Skills (Tier-Based):

— Direction: Tier 5 – Grandmaster

— Screenwriting: Tier 5 – Grandmaster

— Cinematography: Tier 5 – Grandmaster

— Editing: Tier 5 – Grandmaster

— Acting: Tier 5 – Grandmaster

— Herbology: Tier 4 – Master

— Potions: Tier 4 – Master

— Astrology: Tier 4 – Master

— Runic Theory: Tier 2 – Intermediate

Ron closed the interface and exhaled. "That's close," he murmured. "Too close."

Mr. Stark hooted softly in agreement, tilting his golden eyes.

Ron reached for a quill and wrote another short note for Hogwarts — a polite acknowledgment of Dumbledore's reply, and a secondary request for more detailed rune interaction charts related to visual enchantments.

Then, quietly, he sat back and looked out the window.

Bishop was outside in the garden, arguing with the landlord about the strange noises that sometimes came from Ron's study.

The boy smiled faintly.

"The world's not ready," he whispered. "But it will be."

At Hogwarts, Professor Sinistra was among the first to receive shipment crates of the new Astronomy textbooks. She flipped through them curiously, her eyes widening at the concise explanations and annotated star maps. The diagrams shimmered faintly when touched — layered with simple enchantments for night-time observation.

"The Weasley boy," she murmured. "He's rewritten the heavens."

In the staff room, the gossip was relentless. McGonagall maintained her composure, though her tone was clipped.

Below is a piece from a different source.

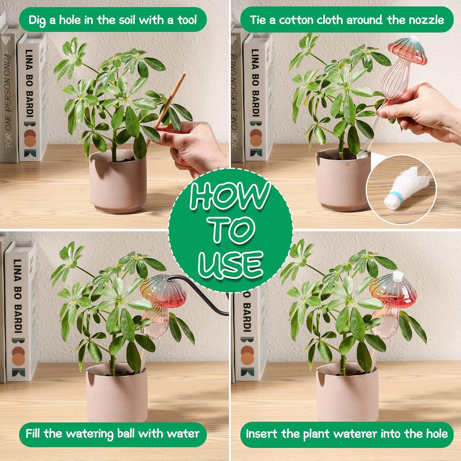 - Present: Hand-blown watering globes for indoor plants are tools that keeps the plants hydrated, and a beautiful decoration for house plants. Self watering globes a great present for family/plant lovers/busy

"The twins' brother, apparently," she told Sprout dryly.

"Brilliant, if somewhat… unnerving."

Sprout laughed. "Unnerving? You're saying that now? Just wait until the next letter arrives."

And indeed, by the next morning, another owl soared through the Great Hall, dropping a sealed envelope marked with both magical and Muggle insignias.

Dumbledore opened it at breakfast, scanning the parchment silently. His expression shifted — amusement first, then calculation.

"He's not stopping," he said quietly to McGonagall.

"Should he?" she asked.

Dumbledore smiled faintly. "No. The world changes only when someone refuses to wait for permission."

He set the letter aside and looked out through the enchanted windows of the Great Hall — toward the rising sun.

That evening, far from Hogwarts, Ron sat beneath a flickering lamp, exhausted but content. His desk was littered with diagrams of lenses, half-broken camera shots, pages of notes.

For the first time since his arrival in this world, he felt as though his knowledge, his two lives, and his impossible System were all beginning to align.

He whispered to himself, "To build a bridge, you start with the first stone."

And Mr. Stark hooted softly, as if agreeing with him — the low melodic sound echoing like the first note of a symphony yet to be written.